§ DIRECTIONS FOR THIS TASK:
Leaving out the images, return the data below exactly as it is written.

§ AVAILABLE DATA:

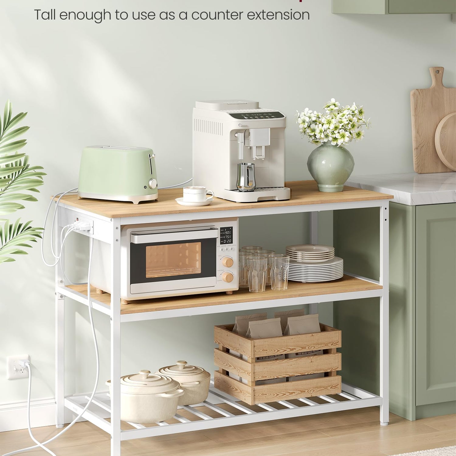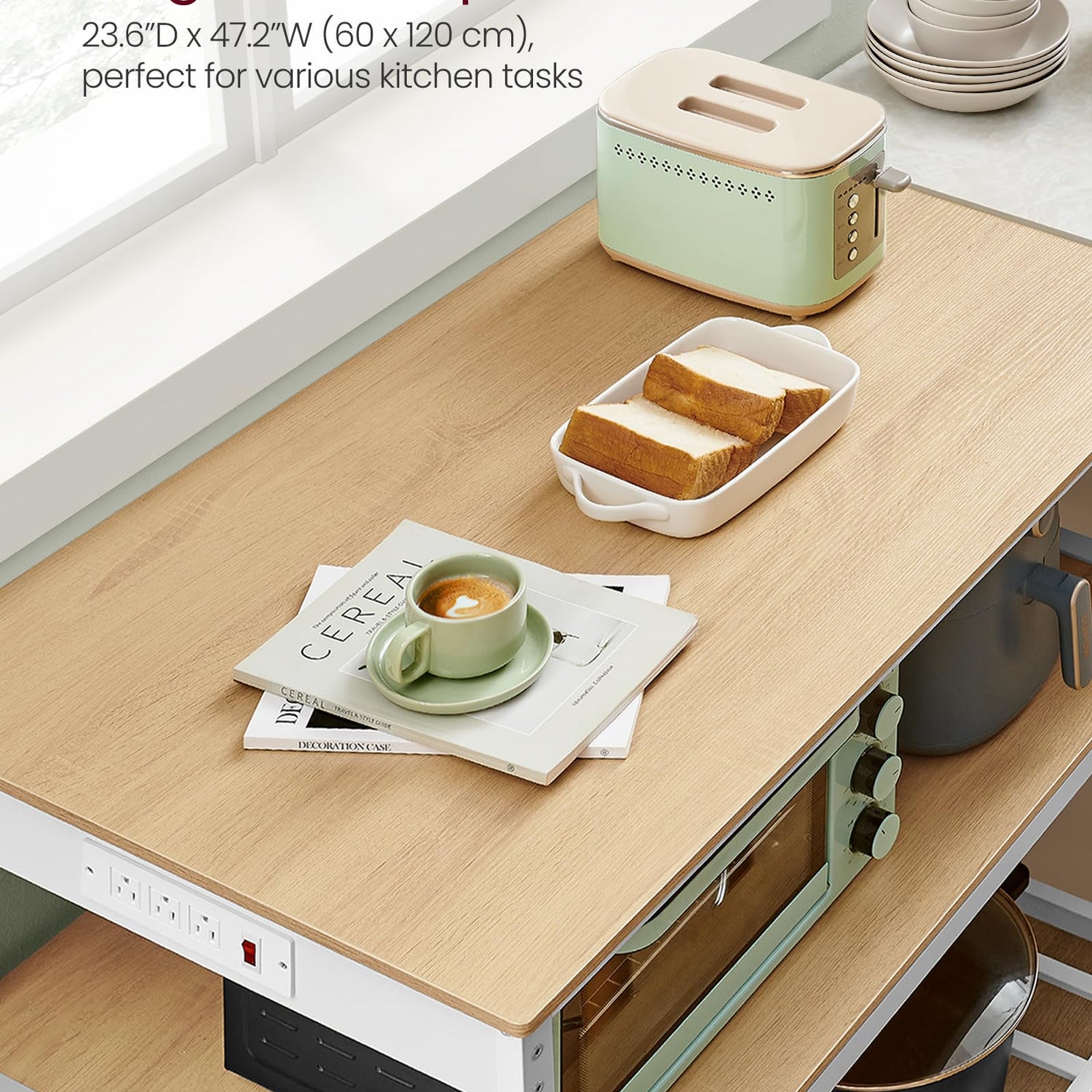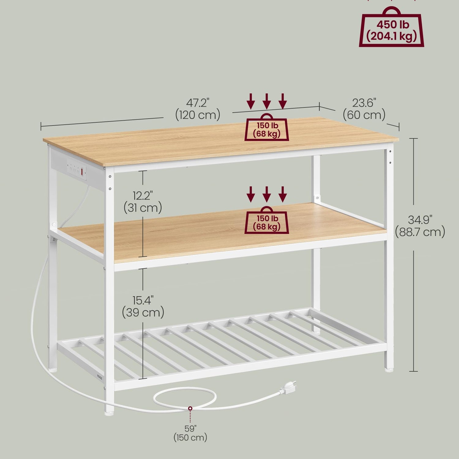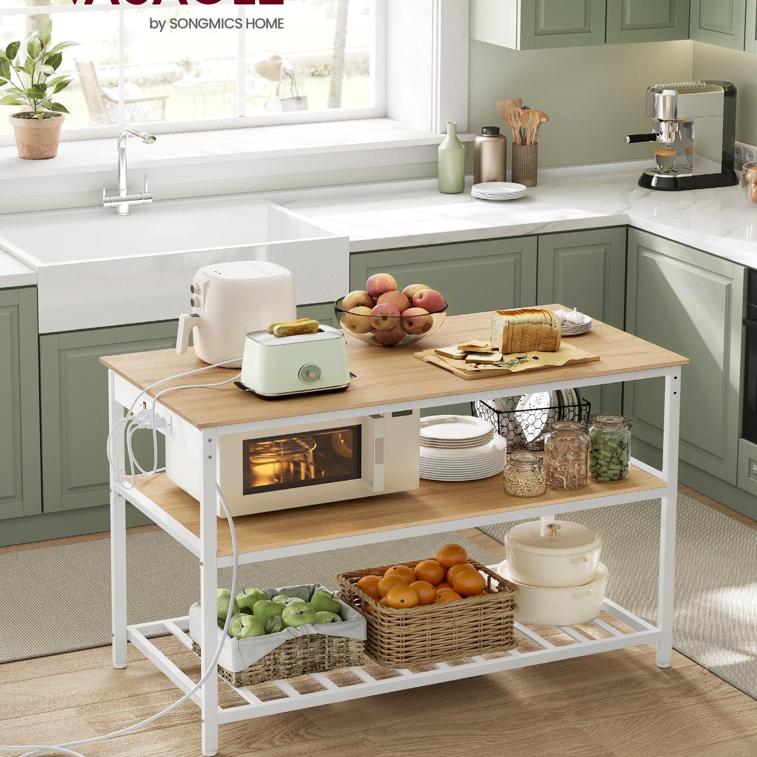 VASAGLE Kitchen Island with 3 Shelves, 47.2 Inches Width Kitchen Shelf with Power Strip, Large Worktop, Stable Steel Structure, Industrial, Easy to Assemble, Golden Oak and White UKKI101Y01
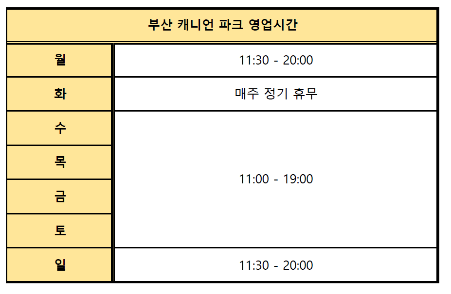 부산 캐니언 파크의 영업시간은 매주 화요일이 정기 휴무 입니다. 나머지는 주로 11시~19시, 20시까지 운영 됩니다.
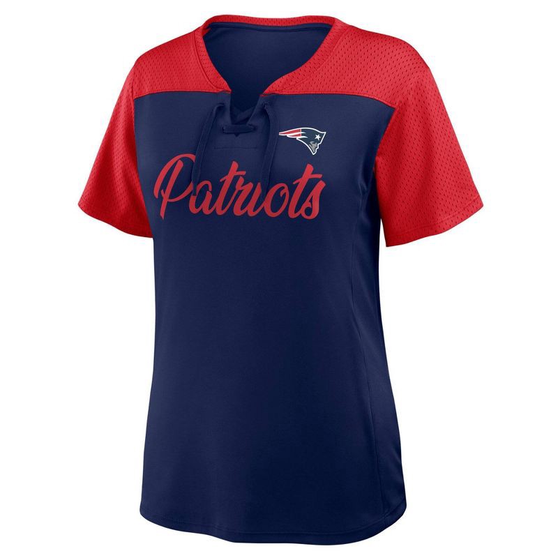 slide 3 of 3, NFL New England Patriots Women's Short Sleeve Lace Up V-Neck Top - XL, 1 ct

§ COMPLETED TASK:
 VASAGLE Kitchen Island with 3 Shelves, 47.2 Inches Width Kitchen Shelf with Power Strip, Large Worktop, Stable Steel Structure, Industrial, Easy to Assemble, Golden Oak and White UKKI101Y01
 부산 캐니언 파크의 영업시간은 매주 화요일이 정기 휴무 입니다. 나머지는 주로 11시~19시, 20시까지 운영 됩니다.
 slide 3 of 3, NFL New England Patriots Women's Short Sleeve Lace Up V-Neck Top - XL, 1 ct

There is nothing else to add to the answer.